# Termites in flower beds



## chazenreds (Jun 9, 2004)

What is the best DIY chemical for treating termites in flower beds and wooden flower pot in the yard?

I have found termites in our flower beds and whiskey barrel planters where I have my plumerias. Our house is two years old and was treated during construction and I have a termite warranty with yearly inspection in place so I'm not particularly worried about our structures. I just want to nail these things before they destroy my pots or my plant roots. I've been searching the doityourselfpestcontrol website but want something that will be safe to dig in when I plant additional plants.


----------



## reelist (Jan 16, 2013)

*fwiw*

Dont think its what youre after but I heard let used cigarette buts or tobacco soak in water for a period till water turns like tea then pour the water were you want to treat. say termites hate it. dont know if its true or would have any effect on the plants


----------



## jtburf (May 26, 2004)

Go by Solutions on 1960/Perry rd get Bifen I/T .
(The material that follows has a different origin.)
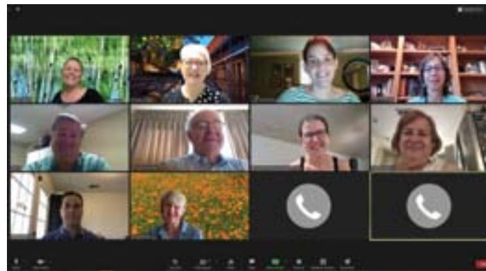
Zoom Executive Committee meeting 8/13/2020

I use it both inside and outside, I do mix stronger for outside.









John


----------



## Red3Fish (Jun 4, 2004)

Be careful, I have opened bags of mulch and had termites swarm out of it. I always kinda spread it out and look before putting in final "spot" now.

Later
R3F


----------



## Part Timer (Jul 2, 2012)

Just heard on the garden show today, that in this area, if you use natural hardwood or cedar mulch from this area, you shouldn't have a termite problem because of the organic matter in the mulch. I dont think it will stop them if you have them now, but might be something to keep in mind for the future.


----------



## weedeater (Aug 22, 2012)

I use permethrin to treat around my house and landscape, go to a feed/farm supply store and ask for help and they will point you in a good direction


----------



## castaway300 (Oct 6, 2007)

Taurus sc is better than Bifen it
Taurus is generic Termidor


----------



## Topgun95 (May 12, 2011)

Malathion will kill them for sure. I found some termites in my flower bed under a rock, poured some Malathion on them and problem solved.


----------